Programme protecting young immigrants 'probably dead,' Trump says



Washington (dpa) - A US immigration programme blocking the deportation of hundreds of thousands of young people brought to the United States illegally as children is "probably dead," President Donald Trump said Sunday.



 

 
The clock is ticking on negotiating legislation that would spare the programme, which will begin winding down in March unless Congress and Trump can agree on a bill.
“DACA is probably dead because the Democrats don’t really want it, they just want to talk and take desperately needed money away from our military,” Trump wrote on Twitter.
DACA is the Deferred Action for Childhood Arrivals programme, put in place under former president Barack Obama. It allows an estimated 800,000 people, mostly from Mexico and Central and South American countries, to remain legally in the US.
In a separate tweet, Trump repeated his desire for merit-based immigration policies.
White House spokesman Raj Shah said Sunday on Fox News that the president wants border security issues, including funding for a wall along the US-Mexico border, to be part of any deal.

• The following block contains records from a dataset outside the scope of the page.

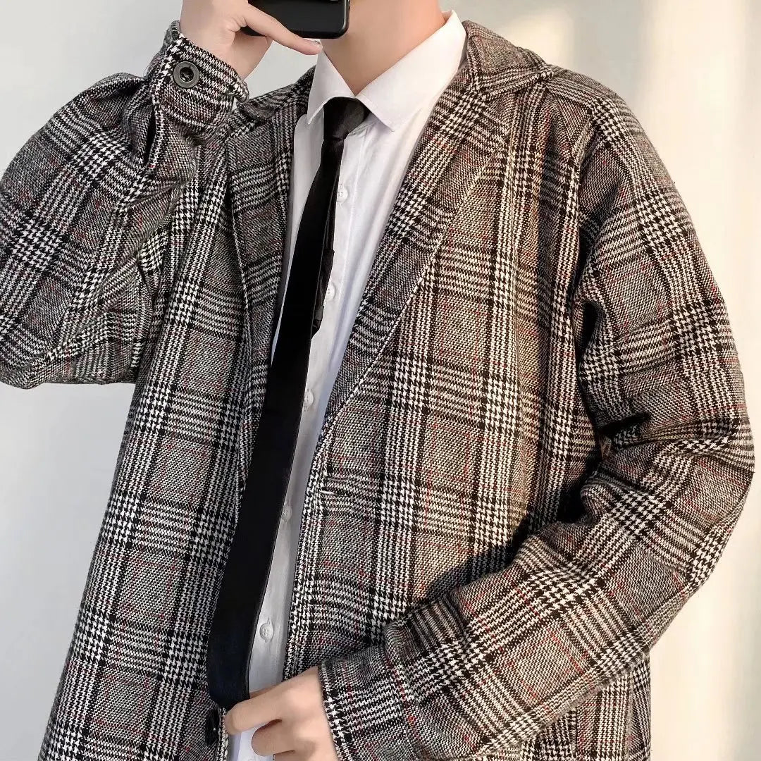 Yipinpay Men's Coat Korean Long Plaid Woolen Overcoat Fashion Casual Single-breasted Long Jackets luxury Winter Clothes for Men 2023
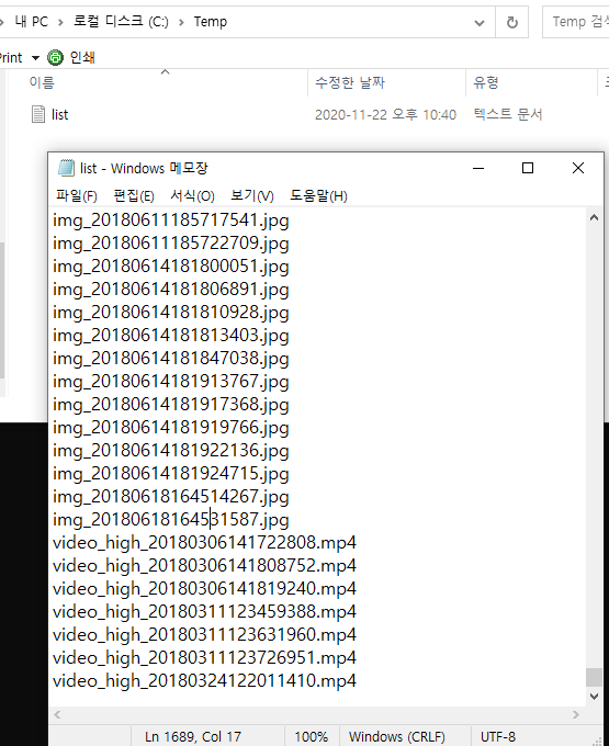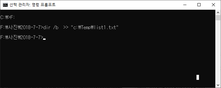 파일로 내보내기 하는 방법은 아주 간단합니다. dir명령을 사용하여 폴더리스트를 리다이렉션 명령어를 이용하여 저장하면됩니다.
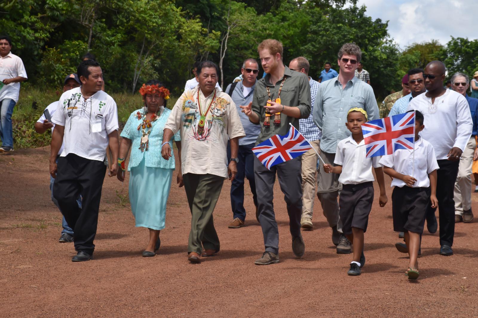 dsc_0280December 3, 2016 Prince Harry interacts with Minister of Indigenous Peoples Affairs, Sydney Allicock. Also in photo are British High Commissioner to Guyana, Greg Quinn (blue shirt, left of Prince Harry).
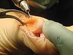 Once the nerve is protected, we sharply incise the medial capsule in a single, longitudinal direction. This provides excellent exposure of the medial eminence of the first metatarsal head.
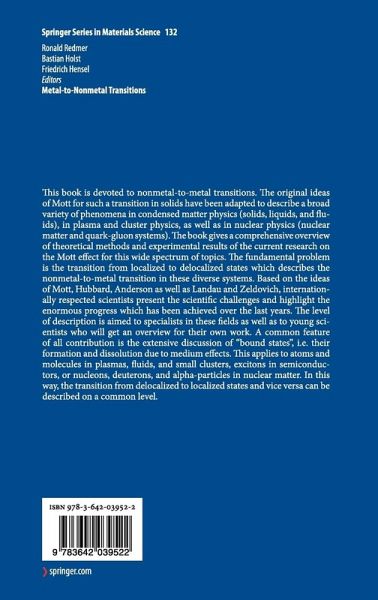 This book is devoted to nonmetal-to-metal transitions. The original ideas of Mott for such a transition in solids have been adapted to describe a broad variety of phenomena in condensed matter physics (solids, liquids, and fluids), in plasma and cluster physics, as well as in nuclear physics (nuclear matter and quark-gluon systems). The book gives a comprehensive overview of theoretical methods and experimental results of the current research on the Mott effect for this wide spectrum of topics. The fundamental problem is the transition from localized to delocalized states which describes the nonmetal-to-metal transition in these diverse systems. Based on the ideas of Mott, Hubbard, Anderson as well as Landau and Zeldovich, internationally respected scientists present the scientific challenges and highlight the enormous progress which has been achieved over the last years. The level of description is aimed to specialists in these fields as well as to young scientists who will get an overview for their own work. A common feature of all contribution is the extensive discussion of "bound states", i.e. their formation and dissolution due to medium effects. This applies to atoms and molecules in plasmas, fluids, and small clusters, excitons in semiconductors, or nucleons, deuterons, and alpha-particles in nuclear matter. In this way, the transition from delocalized to localized states and vice versa can be described on a common level.
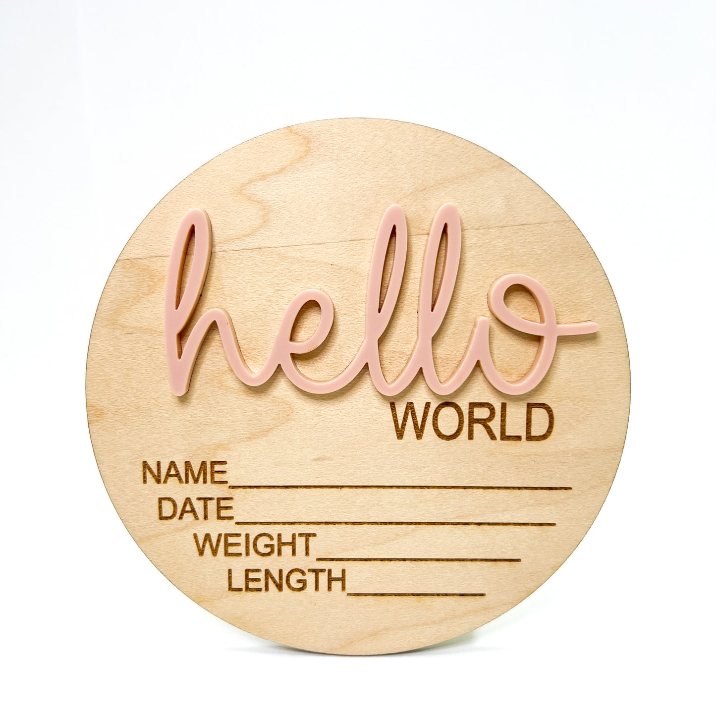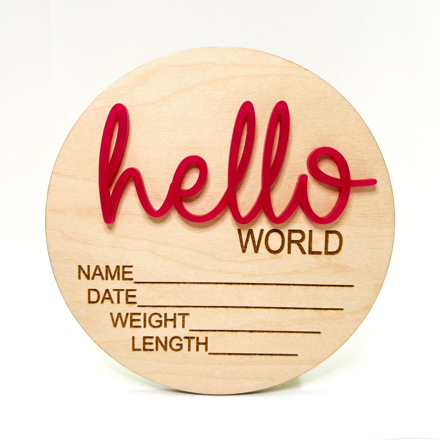 - • 1/8" inch thick maple with 1/8" acrylic layer of hello world
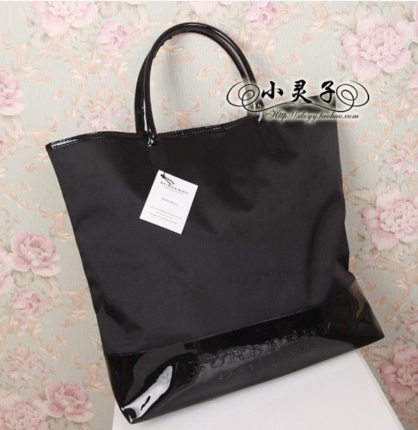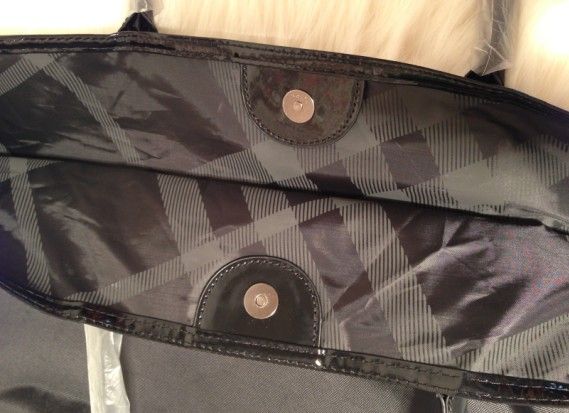包包容量比较大 上半部分是尼龙布材质 下半部分是亮漆皮PU材质 ; 内衬是B家经典的格纹图案 非常有档次的一个化妆包
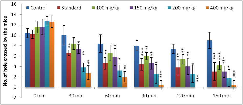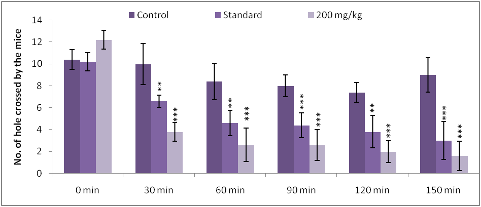 We noticed that the hole cross activity significantly (p<0.001) abridged by second (30 min) and continued to sixth (150 min) observation period in comparison with the control group (fig. 3). The number of hole cross lessened significantly (p<0.001) demonstrated for the fourth (90 min), fifth (120 min), and sixth (150 min) observation period at 200 mg/kg body weight. Also, the positive control group (diazepam 1 mg/kg) decrement showed a similar modification to that observed with the extract.
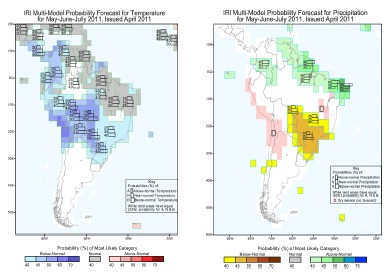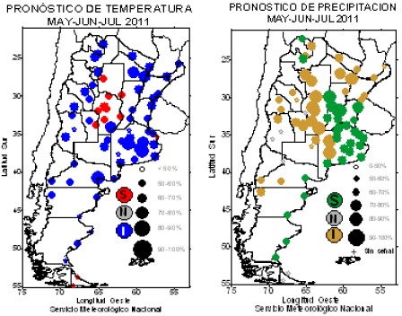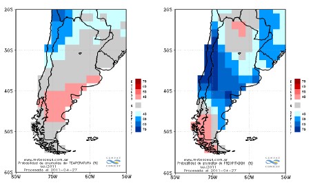 Las Figura 14 y 15 nos muestran el comportamiento regional previsto para el trimestre mayo-julio de 2011 de las temperaturas medias y precipitaciones, respectivamente:
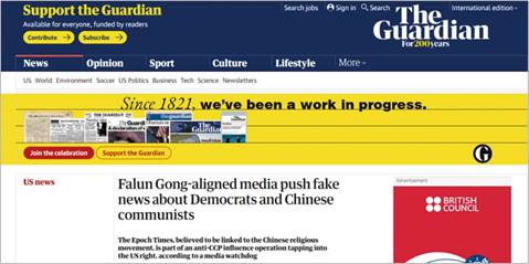 ▲英国《卫报》揭露“大纪元”散布虚假新闻
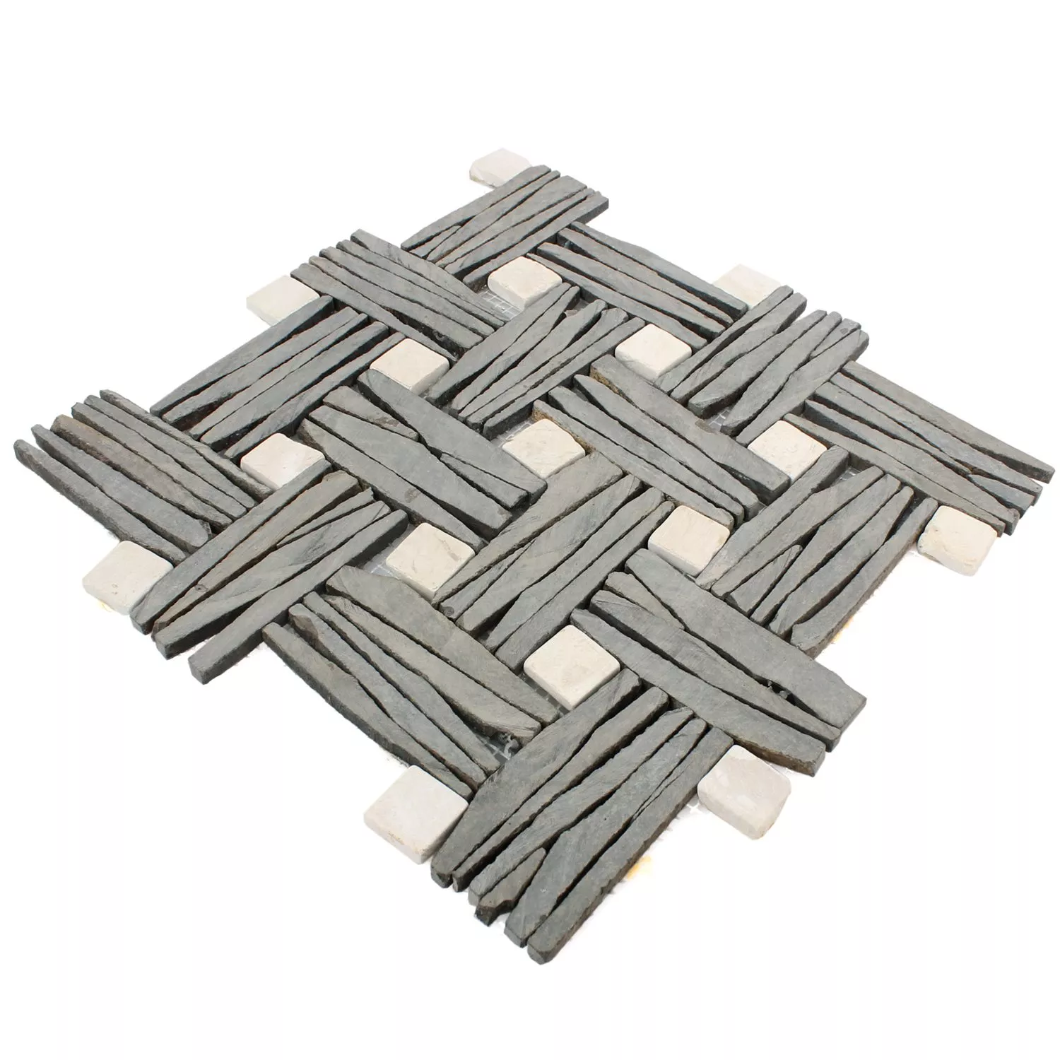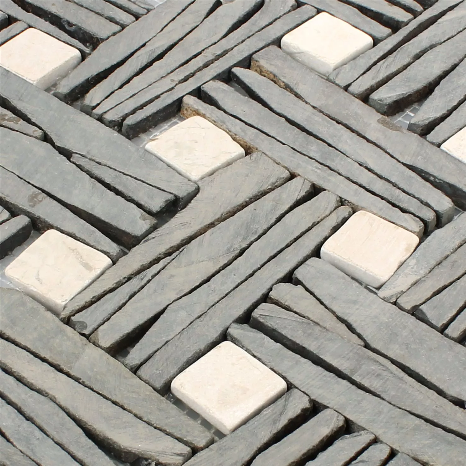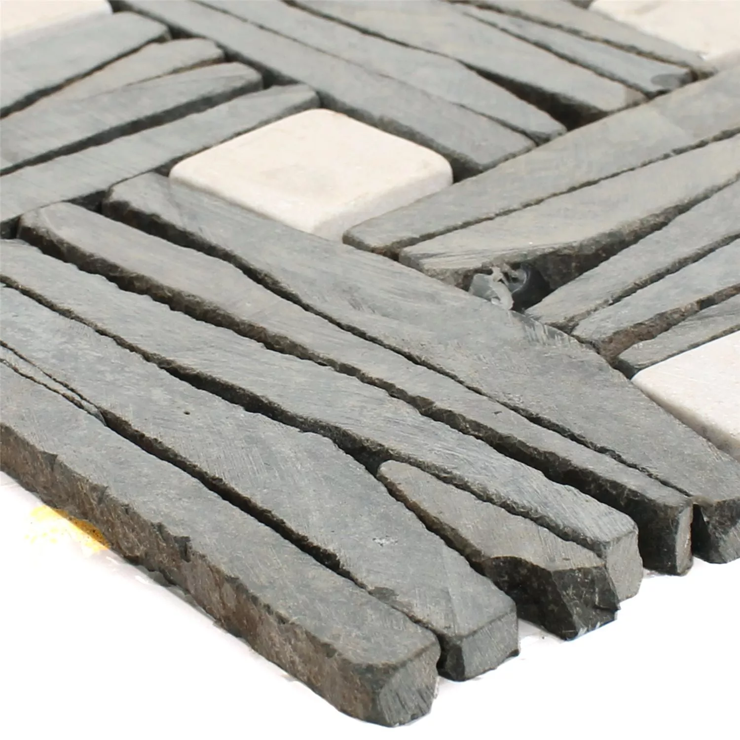 Skifer er forbundet med mange gode egenskaper og det samme gjelder marmoren i disse mosaikkflisene. Disse mosaikkflisene er veldig spesielle med tanke på strukturen og effekten av mønsteret. På den ene siden fremstår disse flisene veldig eksklusive og elegante, materialet er umiddelbart gjenkjennelig og fargene som brukes fremstår som svært puristiske. Resultatet er et naturlig utseende som viser hvor god brukerens smak er når de velger disse flisene laget av naturlige materialer. Nøyaktig installasjon i kompositten er enkel å oppnå.
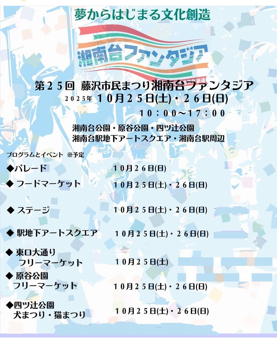 【ステージ情報】 本日の『 湘南台ファンタジア 』 若干天気が不安定ですが 現時点では予定通り開催です! 最新の情報は #湘南台ファンタジア のHPにて shonandai-fantasia.net ■ 10/25(土) 12:00 出演 ■ 藤沢市 湘南台 湘南台公園 #Singerharu #湘南台公園 #アートスクエア #四ツ辻公園 #原谷公園 pic.x.com/pC4oRC8K71 x.com/singerharu9000…
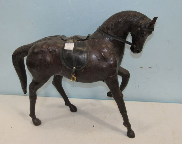 Decorative black paper mache horse, 16"h., 17"w. Decorative black paper mache horse, 16"h., 17"w.
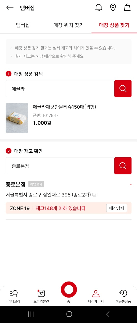 ③ 상품입력 후 방문하고자 하는 매장정보를 입력하고 재고유무를 확인합니다.
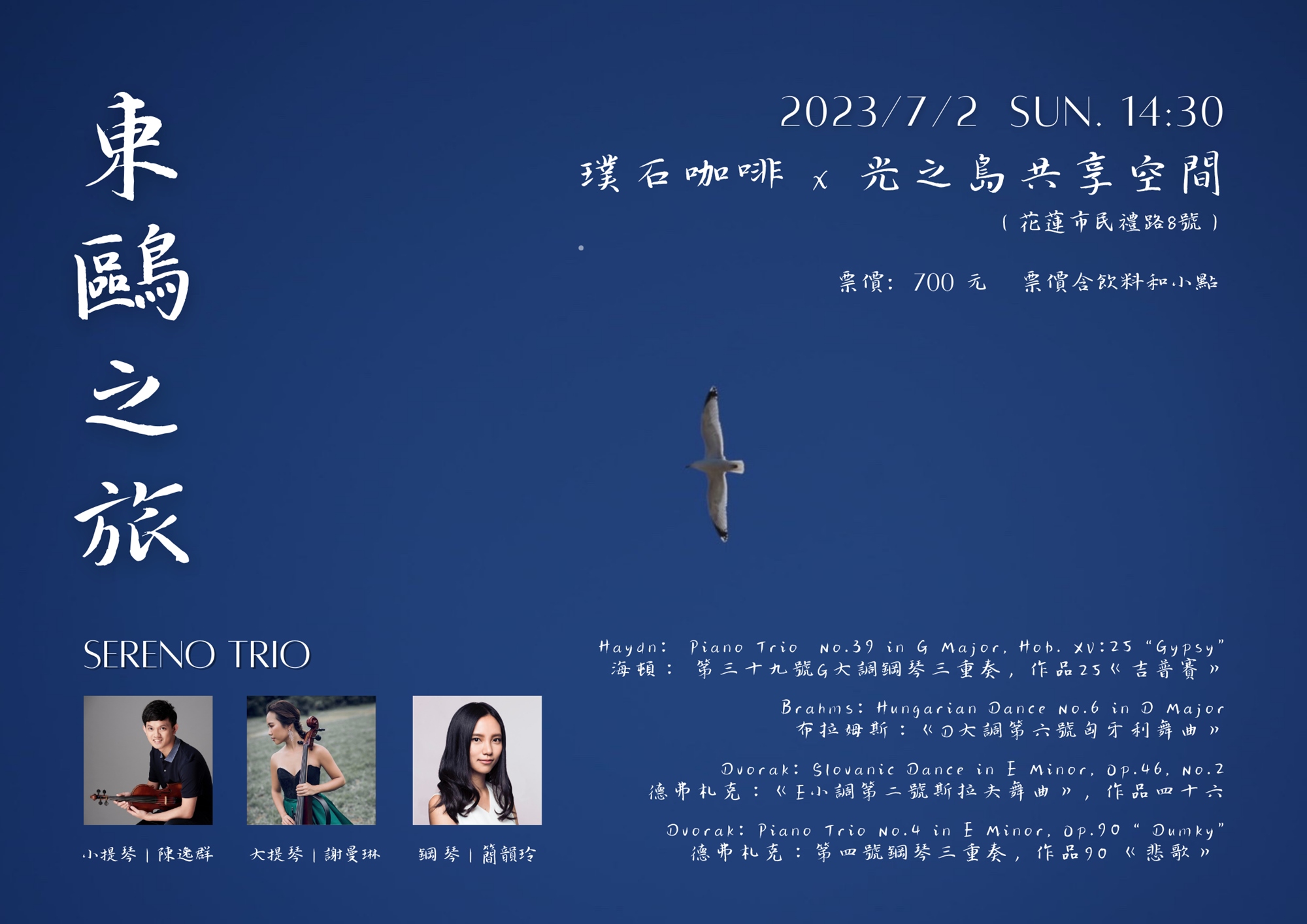 Sereno Trio 從台北場啟程,海鷗象徵著三位熱愛自由的成員,飛往風光明媚的國境之東,降落在花蓮,以音樂帶著聽眾翱翔到遠方的東歐,帶來充滿著東歐舞蹈、及人文風情的音樂。

Some Democrats have called for a "clean" bill that addresses only the DACA issue.
Shah said there are a number of "ongoing conversations" on immigration that will continue.
The developments come after a major controversy regarding reports that Trump referred to "shithole countries" in a discussion about immigrants from African nations, El Salvador and Haiti. Trump's alleged choice of words in Thursday's meeting drew widespread condemnation and sharp reactions from the countries themselves.
The president admitted using "tough" language in the White House meeting with a group of senators, but denied using profanity.
On Sunday, a close ally of the president who was at the meeting, told ABC News that reports have misrepresented the president's comments.
"I'm telling you he did not use that word," Republican Senator David Perdue said. He said reports about the meeting had been a "gross misrepresentation" of what happened.
Perdue said there were six people in the room and only one, Senator Richard Durbin, a member of the opposition Democrats, publicly divulged Trump's alleged choice of words.
There were reports of "language used that was not used," Perdue said, adding that reports that the meeting was "not contributory and not constructive" also were misrepresentations.
Reports about the meeting cited multiple sources, but only Durbin was named. One of the other senators at the meeting, Republican Lindsey Graham, didn't deny that Trump used the words "shithole countries" but said he pushed back on comments he made.
“Following comments by the president, I said my piece directly to him yesterday," Graham said in a statement. Graham added that the American people "will ultimately judge us on the outcome we achieve, not the process which led to it."